I have a new friend.  Her name is Monique Honaman and we are absolutely “soul sisters”!  I came upon Monique while I was doing research for my second book which I am having a fantastic time writing! (Stay tuned for more information!!).  After connecting with her on the phone and yet again, feeling like we could talk for hours, she graciously sent me a copy of her new book, “The High Road Has Less Traffic:  honest advice on the path through love and divorce” .  It is fantastic!

I asked Monique if she would be willing to share a little about herself with us and so today I am excited to introduce her to you through this wonderful post about her journey through divorce.  I highly recommend her book as yet another tool in your toolbox of divorce support!!

From Monique:

I’m currently attending a conference in Las Vegas with over 3000 other women. The conference has absolutely nothing to do with divorce, or marriage, or relationships.  It has everything to do with women business owners … smart, motivated, capable, gutsy, risk-taking women who at some point in their lives took an idea and ran with it … and today are women presidents in charge of their own destiny!  It’s ‘girl power’ at its most basic element!

 Like any great women in business conference, there is a ton of time devoted to networking … and like a great group of women go-getters who have never met a stranger … the conversations quickly turn from summarizing our professional lives, and turn to sharing our personal stories.

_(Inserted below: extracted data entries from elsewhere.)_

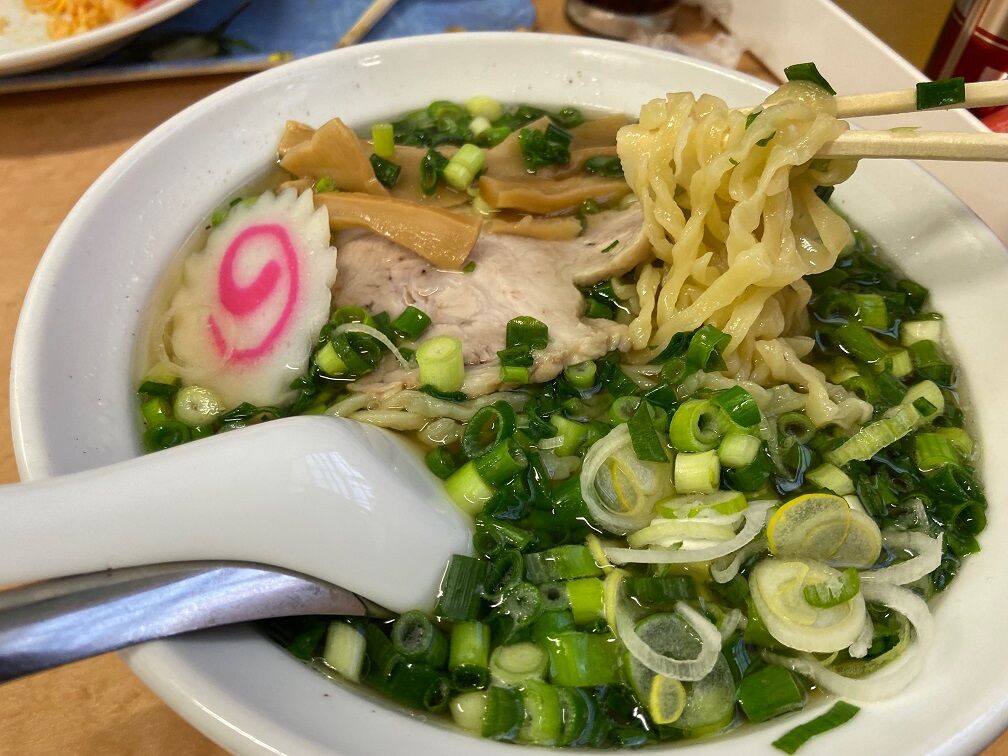 合わせる麺は自家製の平打ち縮れ麺。 佐野ラーメンと言えば青竹手打ち縮れ麺の印象が強いが、こちらの麺は讃岐うどんの製麺機を使用。 ツルツルモチモチで青竹手打ち麺に比べコシと歯ごたえが強くスープの絡みもいい。 青ネギは契約農家からの取れたて新鮮で、苦みや辛味がなくシャッキシャキ歯応えがたまらない。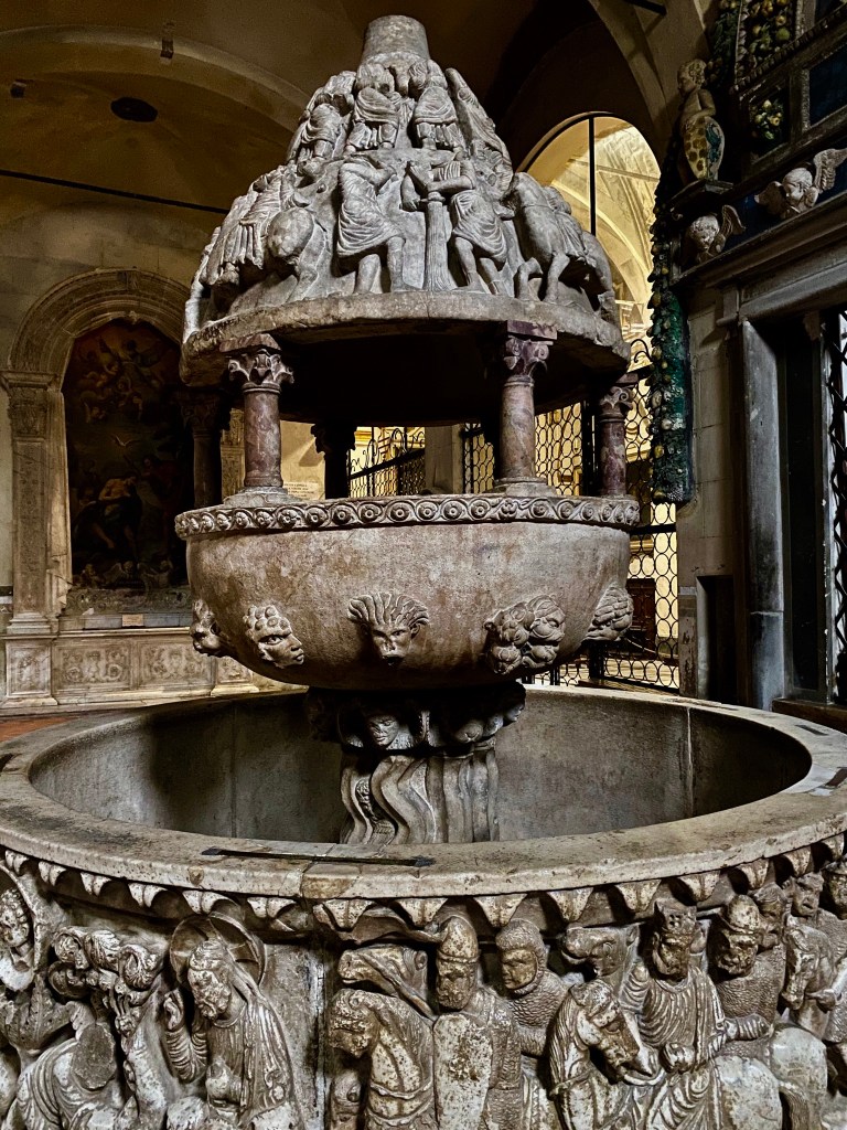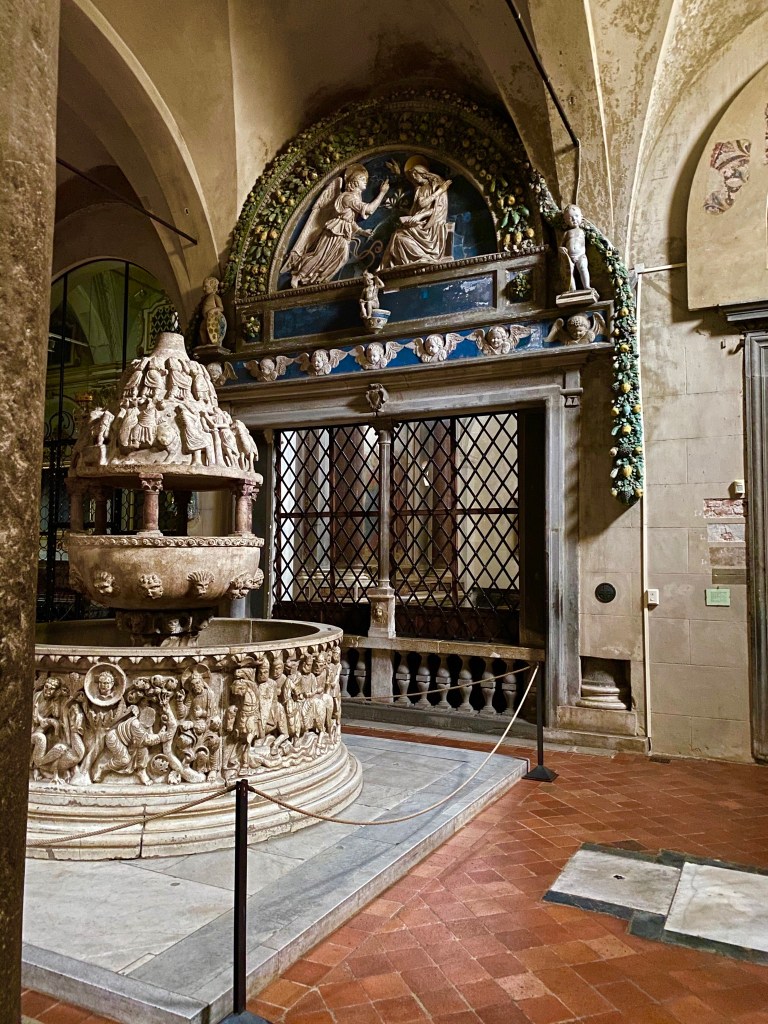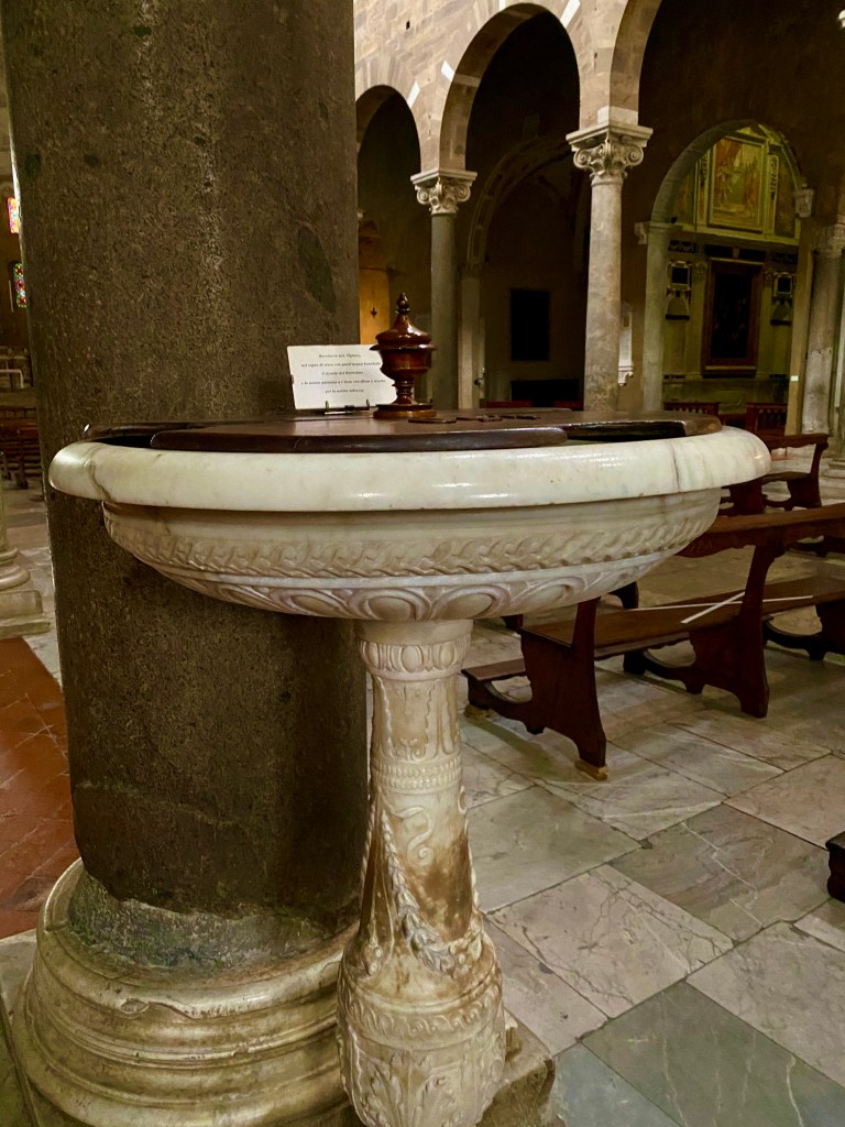 The pictures below show the elaborate baptismal font inside San Frediano.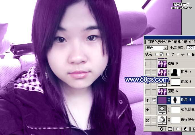 <圖14>8、新建一個圖層,填充顏色:#733987,然后把圖層混合模式改為“顏色”,加上圖層蒙版用黑色畫筆把人物部分擦出來,效果如下圖。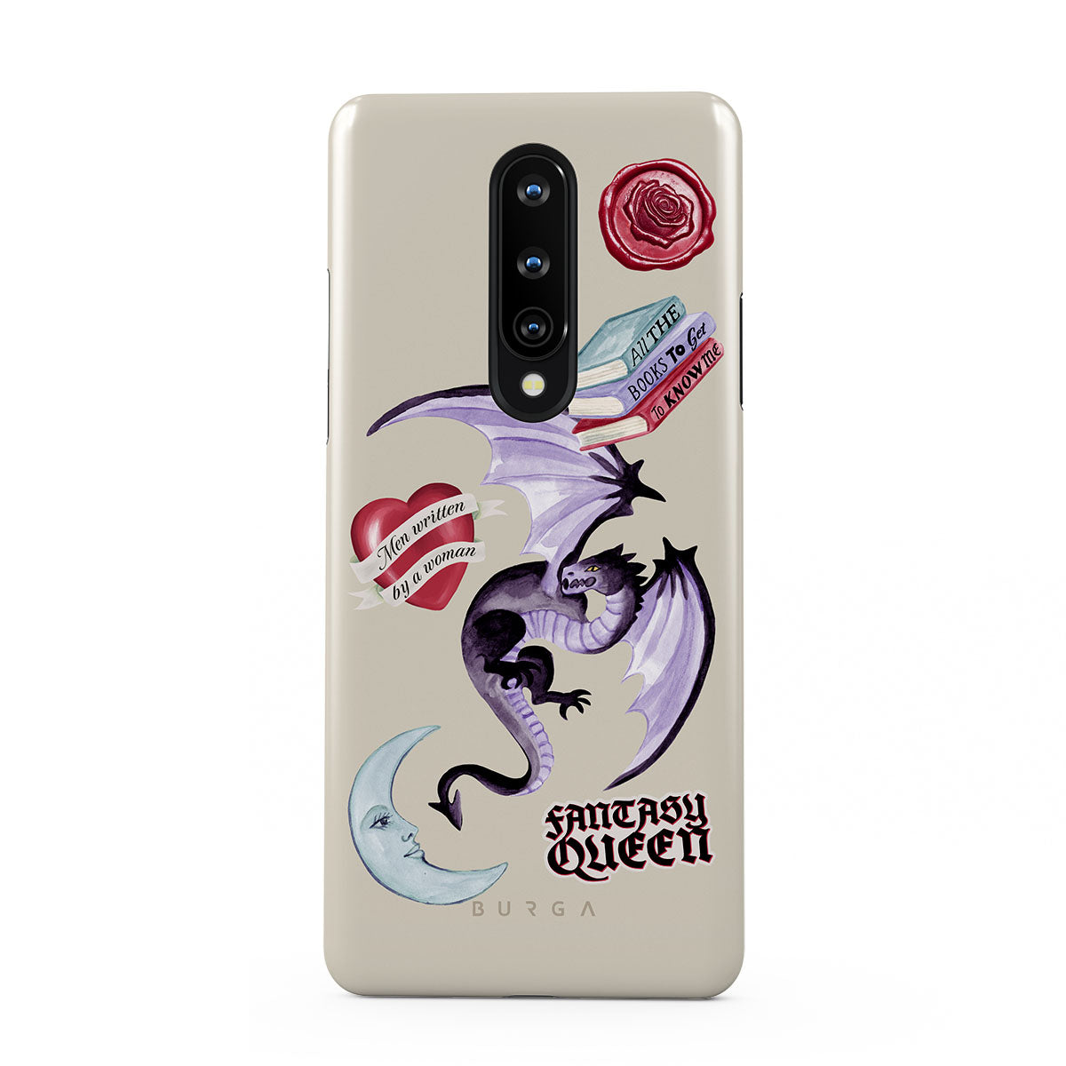 Questo design include: drago viola, sticker "Fantasy Queen", luna crescente, sigillo di cera viola, cuore con messaggio, libri.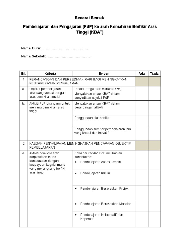 Senarai Semak Pdp Kbat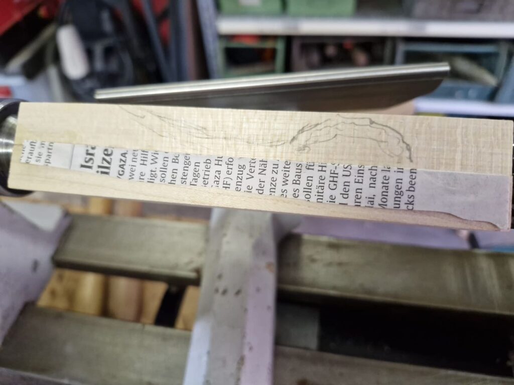 Parallel hat der Klaus-Peter sich noch an der Papierverleimung versucht. Also zwei Holzstücke mit einem Papier verleimt, an dem die Teile später leicht aufgetrennt werden können. Gedrechselt werden dann beide Stück zusammen auf der geleimten Achse und es entstehen zwei identische Werkstücke nach dem Trennen entlang der Leimfuge. Die Einzelteile sind dann quasi Exzentrisch gedreht. Mithilfe von Opferholz zwischen den Verleimungen kann man hier auch größere Achsabweichungen erreichen.

As soon as I mention that I love to write and recently published a book, “The High Road Has Less Traffic: honest advice on the path through love and divorce” I immediately find myself in conversations that I shouldn’t be surprised by anymore. As soon as I mention that my book is based on life lessons learned during my own divorce, I hear all about their divorces as well. It shouldn’t surprise me that many of the women I am meeting are in second marriages. I shouldn’t surprise me that many women joke about having had a ‘starter husband’ as divorce has become so commonplace in our society. It shouldn’t surprise me that these women are full of joy, confidence and happiness having survived, and thrived, through one of life’s toughest emotional battles!

The common theme I am hearing is one which I have been known to say in reflecting back on my own divorce: “I wouldn’t wish this on my worst enemy, but in hindsight, it’s the best thing that ever happened to me.”  Divorce is ugly; it’s hateful; it’s painful; it’s rejection at it’s most basic form; it breaks families apart; it takes marriage vows and tears them to shreds; it reduces essentially good people to become people with low moral standards and values.   So how can this horrible thing become something which so many of these wonderful women reflect back on as ‘the best thing that ever happened’ to them?

The common theme I saw was that these women ‘took the high road’ and as painful and hurtful as their divorces were, they were determined to not get stuck in a pity party, looking backwards saying ‘what if’ and ‘if only,’ and instead chose to march forward to determine what adventures lay on the horizon.  These women all chose to let go of all the anger and bitterness which divorce naturally creates, and instead chose to take on a positive attitude. They chose to cast aside blame and hate, find forgiveness, even find some humor in the situation, and decide that forward momentum was the only way to go. All of this behavior characterizes ‘taking the high road’ and I’ve determined this factor alone is the deciding factor in women who survive divorce versus those who thrive after divorce and move on.

I love that feeling, that energy and that edge when you get a group of powerful women together.  There’s a sense that we are invincible and while we will encounter obstacles (life happens, right?), that we will be able to overcome, persevere, and turn lemons into lemonade.   It’s funny the conversations you get into at a women’s business conference. I love that we are open enough to share our personal stories with strangers at a professional venue. We aren’t alone in handling the bumps of life. Many others have been through this before us and sharing our stories, helping others to move forward, is what girl power is all about!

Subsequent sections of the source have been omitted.